Wolff P. Cognition 2003; 88(1): 1-48.

Affiliation

Department of Psychology, University of Memphis, 202 Psychology Building, Memphis, TN 38152, USA. pwolff@memphis.edu

Copyright

(Copyright © 2003, Elsevier Publishing)

DOI

unavailable

PMID

12711152

Abstract

This research proposes a new theory of direct causation and examines how this concept plays a key role in the linguistic coding and individuation of causal events. According to the no-intervening-cause hypothesis, a causal chain can be described by a single-clause sentence and construed as a single event if there are no intervening causers between the initial causer and the final causee.
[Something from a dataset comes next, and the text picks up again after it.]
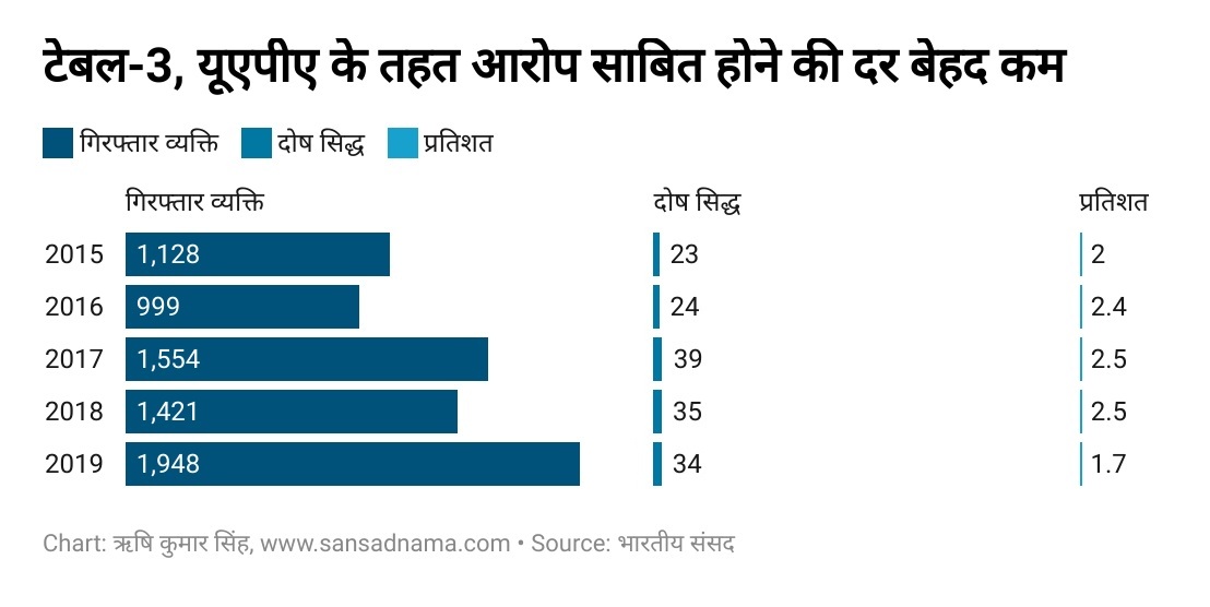 संसद में पेश आंकड़ों के मुताबिक, 2015 में 1128 लोग गिरफ्तार हुए और दोषी पाए गए व्यक्तियों की संख्या दो प्रतिशत यानी 23 रही. वहीं, 2016 में 999 लोग गिरफ्तार हुए, जबकि दोषी पाए गए व्यक्तियों की संख्या 2.4 प्रतिशत यानी 24 रही. इसी तरह 2017, 2018 और 2019 में गिरफ्तारी के मामले बेतहाशा बढ़े, लेकिन दोष सिद्ध व्यक्तियों की संख्या क्रमश: 39 (2.5 फीसदी), 35 (2.46 फीसदी) और 34 (1.74 फीसदी) रही. (देखें: टेबल-3)

Consistent with this hypothesis, participants used single-clause sentences (lexical causatives) more often than two-clause sentences (e.g. periphrastic causatives) for causal chains in which (1) the causer and causee touched (Experiments 1 and 2), and (2) an intervening entity could be construed as an enabling condition rather than another cause (Experiments 2-4). In addition, event judgments paralleled linguistic descriptions: chains that could be described with single-clause expressions were more often construed as single events than chains that could not (Experiments 1-3). Implications for languages other than English, for the linguistic coding of accidental outcomes and for the relationship between cognition and language in general are discussed.